An important policy shift came a couple weeks ago government officials at the UK’s Department of Energy and Climate Change (DECC) and the independent regulatory agency Ofgem moved towards confirming plans to open up the construction of new offshore grids and connects to engineering firms. The new grid construction will help connect offshore wind installations to the mainland grid.
The regulatory agency Ofgem lauds the decision, saying that its in the nation's best interests to let companies compete to build these new portions of the grid. Currently connections to offshore turbines are mostly built and managed by the government’s National Grid effort. By licensing the construction and management of these connections to independent firms, Ofgen says the cost of construction and operations will drop dramatically.
An Ofgem spokesman states, “Clearly, there are companies around the world that can do this work and we're expecting a great deal of interest because it's a long-term low risk investment for them.”

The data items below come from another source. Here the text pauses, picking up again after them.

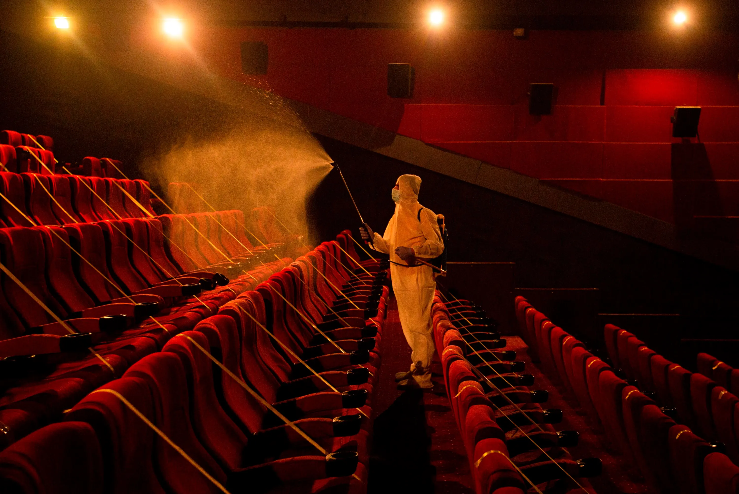 A worker disinfects a movie theatre before its reopening to the public in the southern Iraqi city of Basra on October 14, 2020, following an easing of restrictions imposed by the authorities in a bid to stem the spread of the novel coronavirus. (Photo by Hussein Faleh/AFP Photo)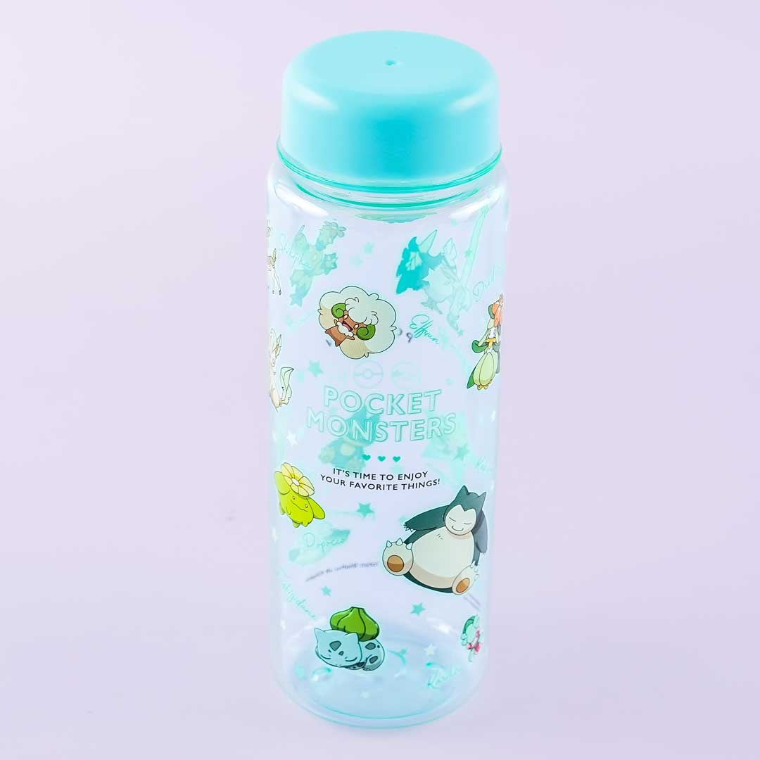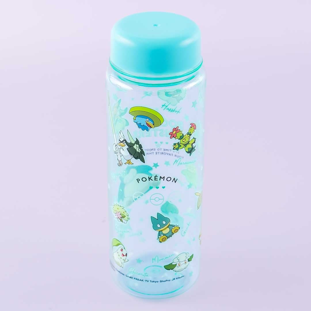 A kawaii clear water bottle showcasing prints of mostly Grass-Type Pokemon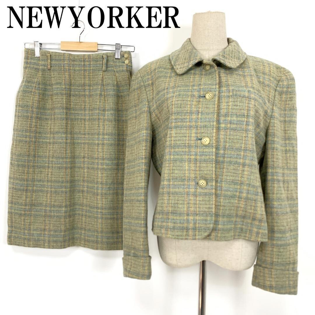 - LA3675 ニューヨーカー チェック スカートセットアップ グリーン NEWYORKER ジャケット11 スカート13 カジュアル イベントセレモニー 11

Companies will consult with Ofgem and the government, starting May 6, and licenses will start being handed out a month later. The demand for grid development licenses is expected to be intense, given the furious nature of the UK Crown Estate’s (yes, the land is owned by the Queen) auction of new installation licensing last month, which saw bids for up to 25 GW of total capacity, covering all 9 of the UK’s offshore zones.
In total 40 zone bids were received from 18 companies or green power alliances. Among the top bidders were Germany utility E.ON, Denmark's Dong Energy, Norway's StatoilHydro, Spain's Iberdrola Renovables, Germany's RWE and the UK's Scottish and Southern Energy.
The new installations, and upcoming licensing of grid work to support them, should help the UK achieve its power goals of having 25 GW of wind power active by 2020. The UK is also looking to follow EU targets, which call for 15 percent of its energy and 30 to 40 percent of its power come from alternative sources. And the new grid policies couldn’t have come at a better time – New Energy Finance reported last year that 11 GW of the UK’s offshore installations are stuck in planning due to lack of grid support.